───── Given records
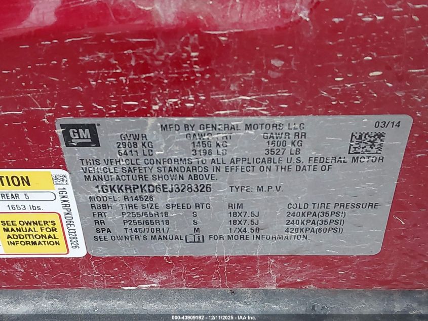 Колір ЧервонийЦиліндри 6Привід Передній привідVIN 1GKKRPKD6EJ328326Стан Заводиться та їде (перевірено)Ушкодження Передня або задня
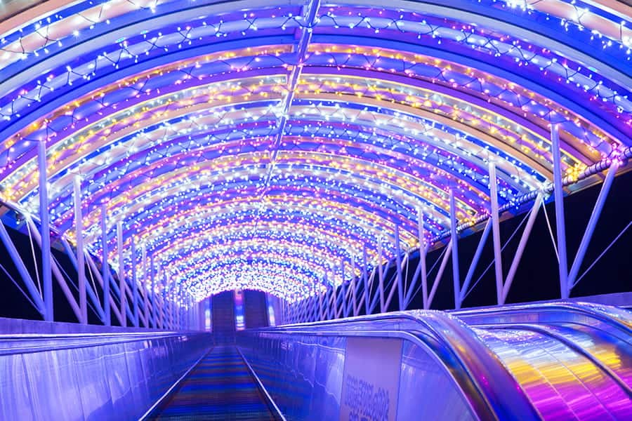 Verpassen Sie nicht die Chance, mit der längsten Rolltreppe in Japan zu fahren. New Reoma Worlds Magic Straw ist 42 Meter hoch und 96 Meter lang und dauert über 3 Minuten! Und bei Nacht unter glitzernder Beleuchtung ist das Erlebnis noch beeindruckender.
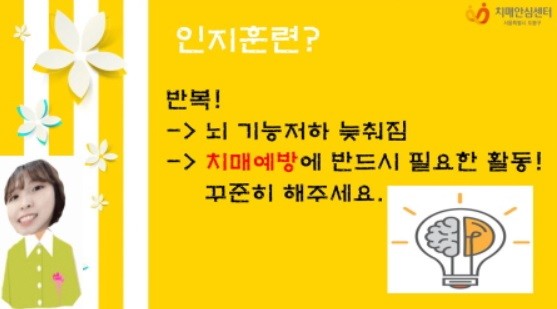 강좌 내용은 ▶단어 구성화 능력 ▶계산화 능력 ▶공간 구성화 및 순서화 능력과 관련된 치매 예방학습으로 구성됐으며, 5월 29일부터 4주간 매주 1편씩 학습을 진행한다.
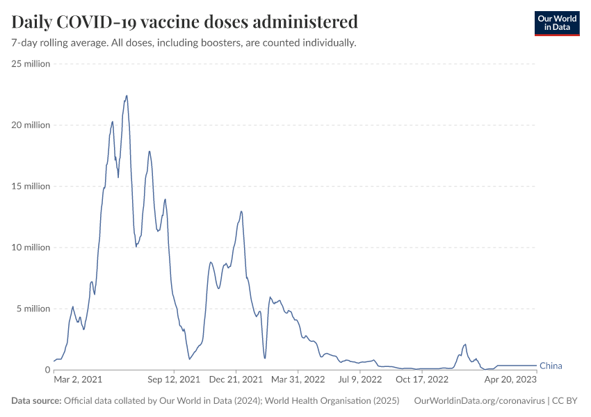 Official data collated by Our World in Data (2024); World Health Organisation (2025) – with major processing by Our World in Data. “Daily COVID-19 vaccine doses administered” [dataset]. Official data collated by Our World in Data, “COVID-19, vaccinations”; World Health Organisation, “COVID-19, vaccinations (WHO)” [original data]. Retrieved February 21, 2026 from https://archive.ourworldindata.org/20260119-065148/grapher/daily-covid-19-vaccination-doses.html (archived on January 19, 2026).
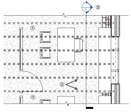“规程”属性设置为“结构”的剖面视图的标记显示。 该平面不显示已指定给其他规程的视图标记。
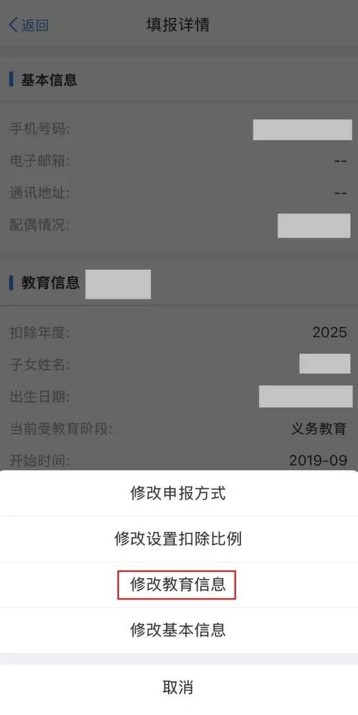 1.登录个人所得税App,点击下方【办&查】—【专项附加扣除】—【子女教育】,选择查询扣除年度“2025”,找到需要修改的子女教育专项附加扣除记录,点击【修改】—【修改教育信息】。
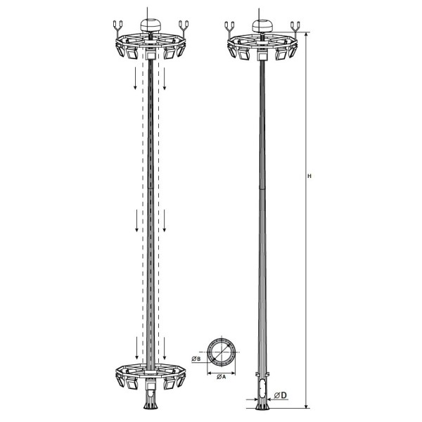 Высокомачтовые опоры освещения, предназначенные для монтажа большого количества светильников (до 12) на высоте, позволяющей увеличить их продуктивность и площадь охвата. Опоры ВМО-35-В заменяют собой сразу несколько стандартных опор освещения, что позволяет полностью окупить их увеличенную стоимость, связанную не только с большой металлоемкостью, но и со сложной организацией конструкций. При этом такие металлоконструкции отличаются оптимальным для своих габаритов весом, не создают излишней нагрузки на грунт, могут быть использованы для подземного подвода кабельной системы, что позволяет отказаться от протягивания дополнительных проводов. Системы используются на стадионах, на промышленных площадках и т.д. Их гармоничный дизайн и современное исполнение, а также возможность обслуживания без привлечения габаритной спецтехники, которой часто требуется специальный подъезд, позволяют использовать их при обустройстве жилых комплексов.
──────────
▶ _Task to complete_
Word for word, print every record, and leave out any picture.

▶ _Solved exercise_
 Колір ЧервонийЦиліндри 6Привід Передній привідVIN 1GKKRPKD6EJ328326Стан Заводиться та їде (перевірено)Ушкодження Передня або задня
 Verpassen Sie nicht die Chance, mit der längsten Rolltreppe in Japan zu fahren. New Reoma Worlds Magic Straw ist 42 Meter hoch und 96 Meter lang und dauert über 3 Minuten! Und bei Nacht unter glitzernder Beleuchtung ist das Erlebnis noch beeindruckender.
 강좌 내용은 ▶단어 구성화 능력 ▶계산화 능력 ▶공간 구성화 및 순서화 능력과 관련된 치매 예방학습으로 구성됐으며, 5월 29일부터 4주간 매주 1편씩 학습을 진행한다.
 Official data collated by Our World in Data (2024); World Health Organisation (2025) – with major processing by Our World in Data. “Daily COVID-19 vaccine doses administered” [dataset]. Official data collated by Our World in Data, “COVID-19, vaccinations”; World Health Organisation, “COVID-19, vaccinations (WHO)” [original data]. Retrieved February 21, 2026 from https://archive.ourworldindata.org/20260119-065148/grapher/daily-covid-19-vaccination-doses.html (archived on January 19, 2026).
“规程”属性设置为“结构”的剖面视图的标记显示。 该平面不显示已指定给其他规程的视图标记。
 1.登录个人所得税App,点击下方【办&查】—【专项附加扣除】—【子女教育】,选择查询扣除年度“2025”,找到需要修改的子女教育专项附加扣除记录,点击【修改】—【修改教育信息】。
 Высокомачтовые опоры освещения, предназначенные для монтажа большого количества светильников (до 12) на высоте, позволяющей увеличить их продуктивность и площадь охвата. Опоры ВМО-35-В заменяют собой сразу несколько стандартных опор освещения, что позволяет полностью окупить их увеличенную стоимость, связанную не только с большой металлоемкостью, но и со сложной организацией конструкций. При этом такие металлоконструкции отличаются оптимальным для своих габаритов весом, не создают излишней нагрузки на грунт, могут быть использованы для подземного подвода кабельной системы, что позволяет отказаться от протягивания дополнительных проводов. Системы используются на стадионах, на промышленных площадках и т.д. Их гармоничный дизайн и современное исполнение, а также возможность обслуживания без привлечения габаритной спецтехники, которой часто требуется специальный подъезд, позволяют использовать их при обустройстве жилых комплексов.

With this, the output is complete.